Task statement: Every line below is to be copied exactly, with the pictures left out.

Collected material:
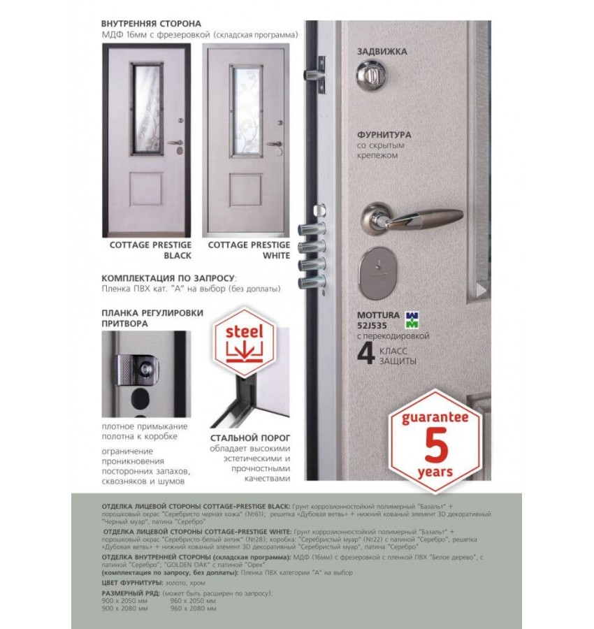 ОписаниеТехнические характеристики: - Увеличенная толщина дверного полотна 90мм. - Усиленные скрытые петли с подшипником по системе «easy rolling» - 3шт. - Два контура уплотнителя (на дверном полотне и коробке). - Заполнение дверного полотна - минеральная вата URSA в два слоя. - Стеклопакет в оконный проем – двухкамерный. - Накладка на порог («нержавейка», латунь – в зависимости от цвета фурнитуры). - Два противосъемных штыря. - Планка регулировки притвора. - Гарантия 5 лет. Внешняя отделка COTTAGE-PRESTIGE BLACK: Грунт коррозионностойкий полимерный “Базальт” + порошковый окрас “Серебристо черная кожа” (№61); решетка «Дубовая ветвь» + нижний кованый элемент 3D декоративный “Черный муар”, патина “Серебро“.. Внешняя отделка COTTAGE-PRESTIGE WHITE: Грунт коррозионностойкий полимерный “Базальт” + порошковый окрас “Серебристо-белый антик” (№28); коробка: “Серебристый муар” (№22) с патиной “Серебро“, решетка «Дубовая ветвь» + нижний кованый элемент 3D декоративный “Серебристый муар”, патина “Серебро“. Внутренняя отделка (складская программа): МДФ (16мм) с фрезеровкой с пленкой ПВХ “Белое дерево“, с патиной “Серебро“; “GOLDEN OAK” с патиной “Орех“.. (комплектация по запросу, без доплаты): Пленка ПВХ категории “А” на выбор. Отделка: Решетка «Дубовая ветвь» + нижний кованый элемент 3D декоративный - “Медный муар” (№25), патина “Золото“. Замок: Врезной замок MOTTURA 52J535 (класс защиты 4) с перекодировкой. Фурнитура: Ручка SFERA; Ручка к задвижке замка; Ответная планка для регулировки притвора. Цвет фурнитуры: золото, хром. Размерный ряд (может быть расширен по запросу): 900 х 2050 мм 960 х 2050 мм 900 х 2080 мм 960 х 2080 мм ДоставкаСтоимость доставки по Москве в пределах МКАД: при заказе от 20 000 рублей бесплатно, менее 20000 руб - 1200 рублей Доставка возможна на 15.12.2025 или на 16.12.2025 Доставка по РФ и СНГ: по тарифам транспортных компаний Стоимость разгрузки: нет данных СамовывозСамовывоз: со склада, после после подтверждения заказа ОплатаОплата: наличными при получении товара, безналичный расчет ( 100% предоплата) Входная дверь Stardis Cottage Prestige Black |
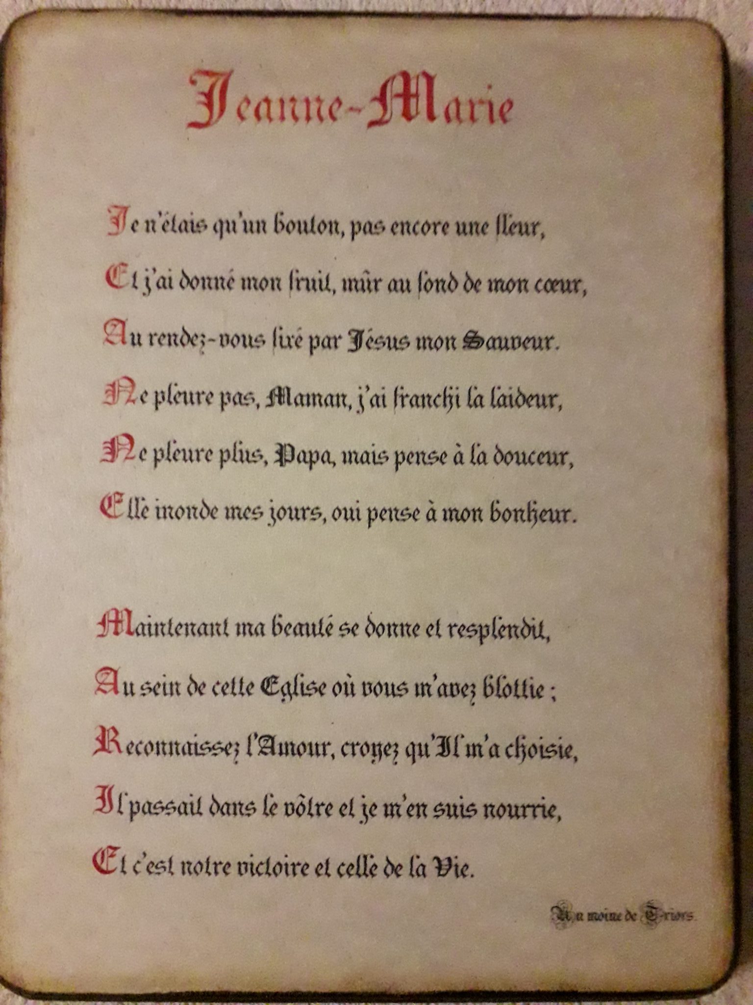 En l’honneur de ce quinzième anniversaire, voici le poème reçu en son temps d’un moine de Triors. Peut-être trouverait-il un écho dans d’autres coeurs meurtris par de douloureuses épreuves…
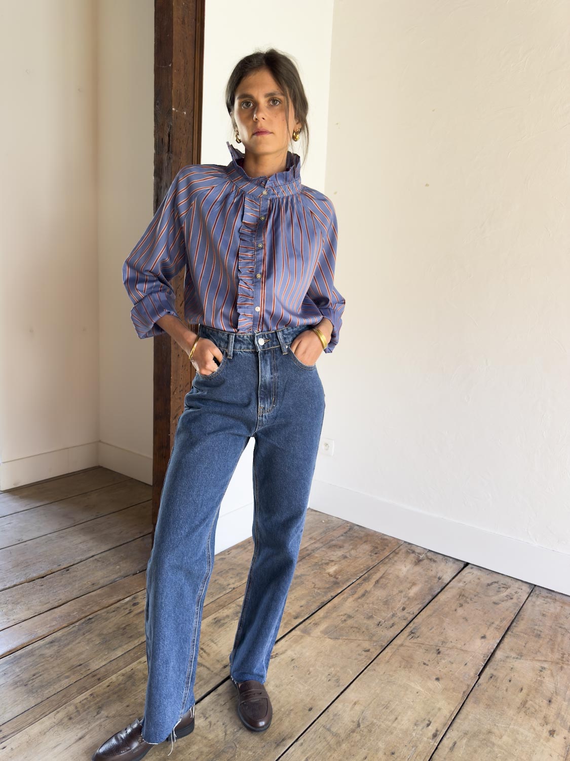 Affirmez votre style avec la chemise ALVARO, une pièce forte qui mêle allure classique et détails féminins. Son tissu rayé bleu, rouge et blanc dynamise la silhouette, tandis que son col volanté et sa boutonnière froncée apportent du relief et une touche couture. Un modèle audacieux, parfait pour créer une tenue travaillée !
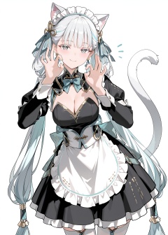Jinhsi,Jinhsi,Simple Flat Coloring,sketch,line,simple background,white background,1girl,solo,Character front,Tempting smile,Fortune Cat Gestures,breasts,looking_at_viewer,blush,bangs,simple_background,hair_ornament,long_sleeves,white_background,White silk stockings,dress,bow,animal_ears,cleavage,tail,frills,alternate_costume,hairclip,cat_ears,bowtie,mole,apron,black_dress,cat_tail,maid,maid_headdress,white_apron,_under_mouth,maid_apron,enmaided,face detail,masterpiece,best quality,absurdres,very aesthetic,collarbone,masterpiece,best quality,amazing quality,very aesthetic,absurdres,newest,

Exercise answer:
 ОписаниеТехнические характеристики: - Увеличенная толщина дверного полотна 90мм. - Усиленные скрытые петли с подшипником по системе «easy rolling» - 3шт. - Два контура уплотнителя (на дверном полотне и коробке). - Заполнение дверного полотна - минеральная вата URSA в два слоя. - Стеклопакет в оконный проем – двухкамерный. - Накладка на порог («нержавейка», латунь – в зависимости от цвета фурнитуры). - Два противосъемных штыря. - Планка регулировки притвора. - Гарантия 5 лет. Внешняя отделка COTTAGE-PRESTIGE BLACK: Грунт коррозионностойкий полимерный “Базальт” + порошковый окрас “Серебристо черная кожа” (№61); решетка «Дубовая ветвь» + нижний кованый элемент 3D декоративный “Черный муар”, патина “Серебро“.. Внешняя отделка COTTAGE-PRESTIGE WHITE: Грунт коррозионностойкий полимерный “Базальт” + порошковый окрас “Серебристо-белый антик” (№28); коробка: “Серебристый муар” (№22) с патиной “Серебро“, решетка «Дубовая ветвь» + нижний кованый элемент 3D декоративный “Серебристый муар”, патина “Серебро“. Внутренняя отделка (складская программа): МДФ (16мм) с фрезеровкой с пленкой ПВХ “Белое дерево“, с патиной “Серебро“; “GOLDEN OAK” с патиной “Орех“.. (комплектация по запросу, без доплаты): Пленка ПВХ категории “А” на выбор. Отделка: Решетка «Дубовая ветвь» + нижний кованый элемент 3D декоративный - “Медный муар” (№25), патина “Золото“. Замок: Врезной замок MOTTURA 52J535 (класс защиты 4) с перекодировкой. Фурнитура: Ручка SFERA; Ручка к задвижке замка; Ответная планка для регулировки притвора. Цвет фурнитуры: золото, хром. Размерный ряд (может быть расширен по запросу): 900 х 2050 мм 960 х 2050 мм 900 х 2080 мм 960 х 2080 мм ДоставкаСтоимость доставки по Москве в пределах МКАД: при заказе от 20 000 рублей бесплатно, менее 20000 руб - 1200 рублей Доставка возможна на 15.12.2025 или на 16.12.2025 Доставка по РФ и СНГ: по тарифам транспортных компаний Стоимость разгрузки: нет данных СамовывозСамовывоз: со склада, после после подтверждения заказа ОплатаОплата: наличными при получении товара, безналичный расчет ( 100% предоплата) Входная дверь Stardis Cottage Prestige Black |
 En l’honneur de ce quinzième anniversaire, voici le poème reçu en son temps d’un moine de Triors. Peut-être trouverait-il un écho dans d’autres coeurs meurtris par de douloureuses épreuves…
 Affirmez votre style avec la chemise ALVARO, une pièce forte qui mêle allure classique et détails féminins. Son tissu rayé bleu, rouge et blanc dynamise la silhouette, tandis que son col volanté et sa boutonnière froncée apportent du relief et une touche couture. Un modèle audacieux, parfait pour créer une tenue travaillée !
Jinhsi,Jinhsi,Simple Flat Coloring,sketch,line,simple background,white background,1girl,solo,Character front,Tempting smile,Fortune Cat Gestures,breasts,looking_at_viewer,blush,bangs,simple_background,hair_ornament,long_sleeves,white_background,White silk stockings,dress,bow,animal_ears,cleavage,tail,frills,alternate_costume,hairclip,cat_ears,bowtie,mole,apron,black_dress,cat_tail,maid,maid_headdress,white_apron,_under_mouth,maid_apron,enmaided,face detail,masterpiece,best quality,absurdres,very aesthetic,collarbone,masterpiece,best quality,amazing quality,very aesthetic,absurdres,newest,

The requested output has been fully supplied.